Boosting solar steam generation in dynamically tunable polymer porous architectures

Interfacial solar steam generation is a water treatment strategy without liquid waste discharge that minimizes the environmental impact of wastewater. For practical applications especially large scale applications on the sea with harsh environment, excellent mechanical strength and economic manufacturability of the evaporator is essential. Herein, we choose a straightforward, scalable and controllable polymer processing method to manufacture porous poly(ethylene-co-octene) elastomers (pPOE). The pore sizes and porous structure of pPOE are dynamically controlled by annealing treatment. For the bottom-up evaporation device, the water transport capacity substantially influences the evaporation performance. With the aid of finite volume simulation, the adjustable porous POE elastomers with different water transport capabilities are used to analyze the effect of water transport on evaporation performance, and the porous POE elastomer with optimal pore size is preferably used for steam generation.
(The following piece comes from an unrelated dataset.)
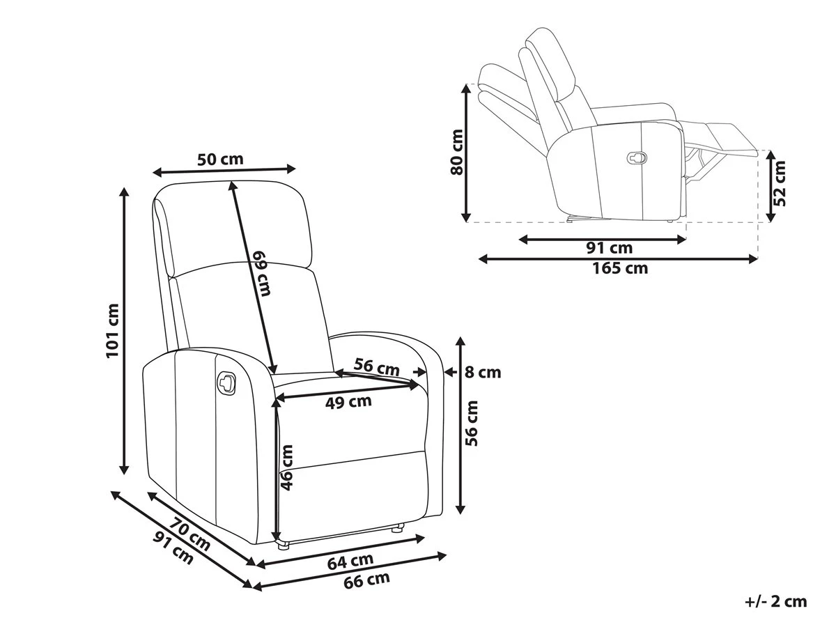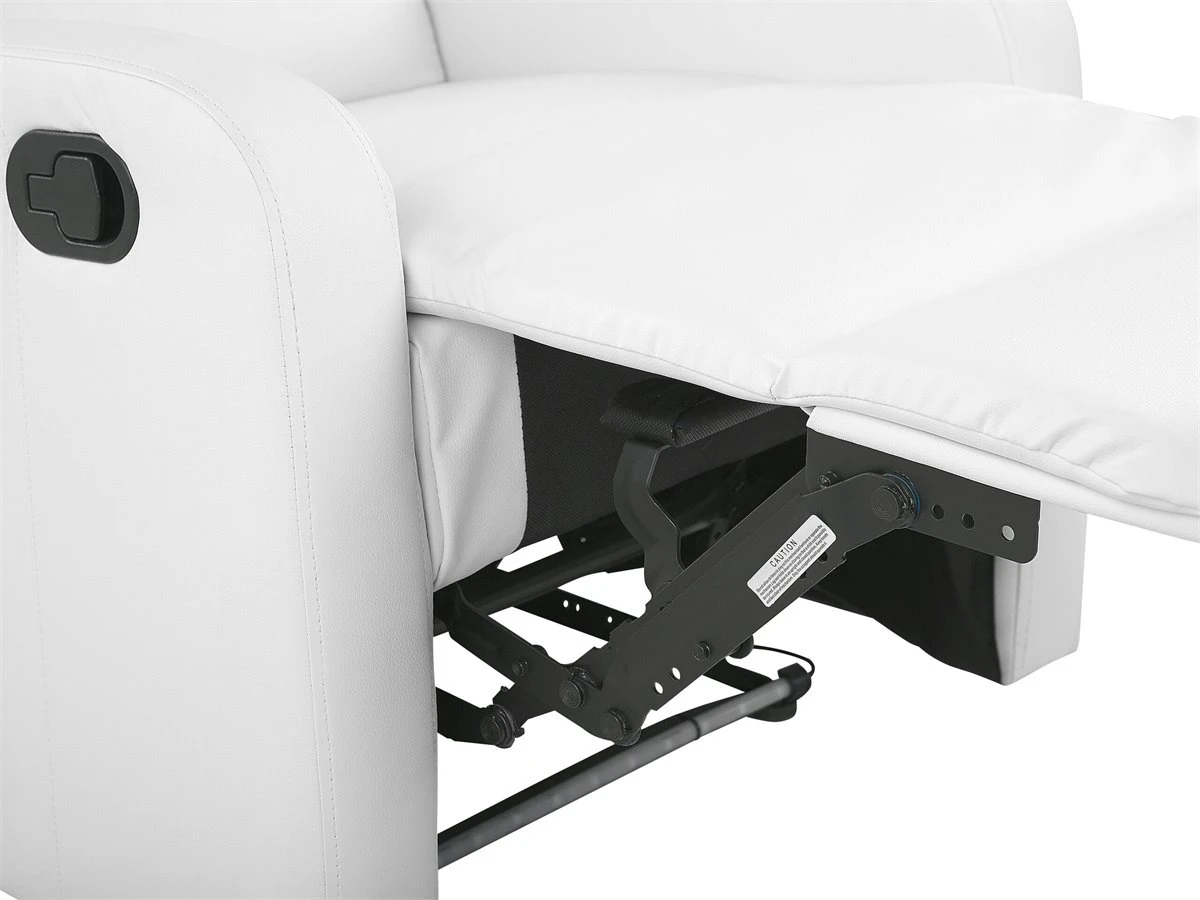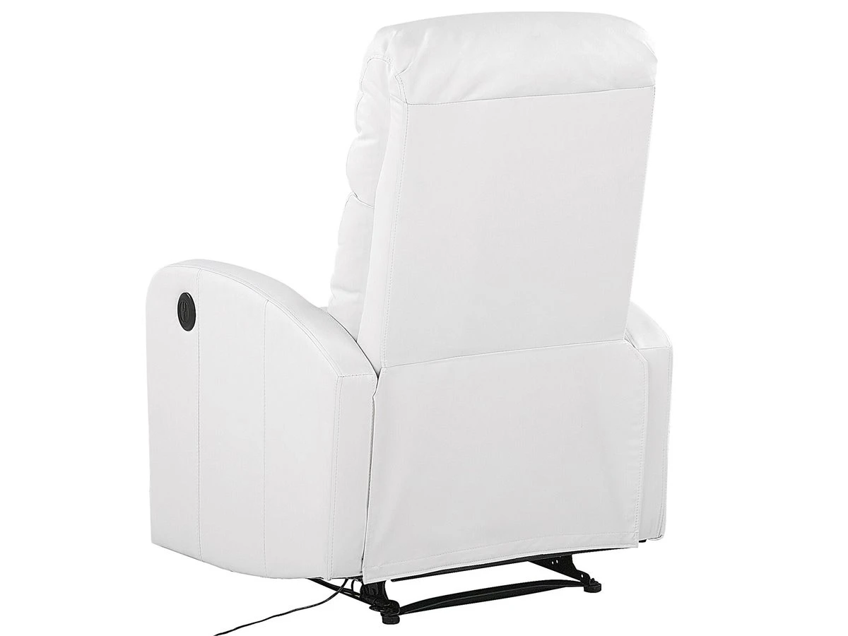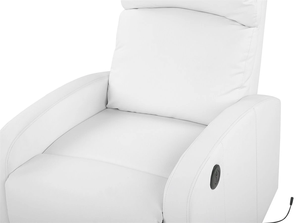 Sillón reclinable tapizado con puerto USB. Añade comodidad a tu sala de estar con este sillón. Está fabricado a partir de piel sintética duradera y de bajo mantenimiento. El respaldo permite 3 posiciones de regulación: vertical, parcialmente tumbado u horizontal. El reposapiés incorporado y el asiento de acolchado grueso ofrecen la máxima comodidad. La luz LED difunde una iluminación brillante e intensa. Viene con un puerto USB, ideal para recargar los dispositivos electrónicos, como el teléfono móvil o el portátil. Detalles: Tipo de Producto: Sillón reclinable Estilo: Moderno Color: Negro Color Temperatura LED: Blanco frío Tipo de material: Piel sintética Material principal: Piel sintética Material adicional: Metal Material del relleno: Espuma Material de las patas: Metal Material del asiento: Piel sintética Composición del Material: 100% Poliéster Estilo del apoyabrazo: Estrecho Reposapies: Sí Flujo luminoso LED: 52.4 LED: Sí Protectores para patas: No Potencia de salida: +12V 2A Reclinable: Sí Construcción del asiento: Muelles de bolsillo Densidad de espuma del asiento: 24 kg/m3 Puerto USB: 5 Dimensiones: Altura del apoyabrazos: 58 cm Profundidad: 91 cm Altura del asiento: 48 cm Ancho: 65 cm Altura: 102 cm Superficie del asiento: 56×50 cm Peso: 28 kg Capacidad de peso: 136 kg La oferta incluye: 1 x Sillón Ventajas: Reposapiés y brazos ajustables, Brinda sensaciones de relax, Respaldo alto y asiento muy cómodo, Tapicería de piel sintética de alta calidad para un aspecto natural, Llamativa iluminación LED que crea un ambiente agradable Información de montaje: Requiere montaje completo. 20-40 min. Información adicional: Para una mayor estabilidad y seguridad de uso, se recomienda verificar 2 semanas después de la instalación que el montaje del producto ha sido realizado de forma correcta. Revisa, al menos una vez cada 3 meses, que los tornillos estén bien apretados. Consejos de mantenimiento: Piel sintética: 1.Limpie con agua destilada y use limpiadores a base de jabón en las manchas difíciles 2.Aspire con un accesorio adecuado 3.Una vez a la semana, limpie con un paño húmedo y seque después. No engrasar, 4.Use solo limpiadores suaves y acondicionadores dedicados a la piel sintética

This POE-based evaporator with suitable water supply capacity exhibits excellent evaporation performance and outstanding mechanical strength, showing great potential to achieve low-cost sustainable seawater desalination and wastewater purification.

Automated summary

The study uses porous polymer elastomers to manufacture evaporators, with the pore size and porous structure dynamically controlled through annealing treatment to enhance evaporation performance and mechanical strength. This approach shows great potential for achieving low-cost sustainable seawater desalination and wastewater purification.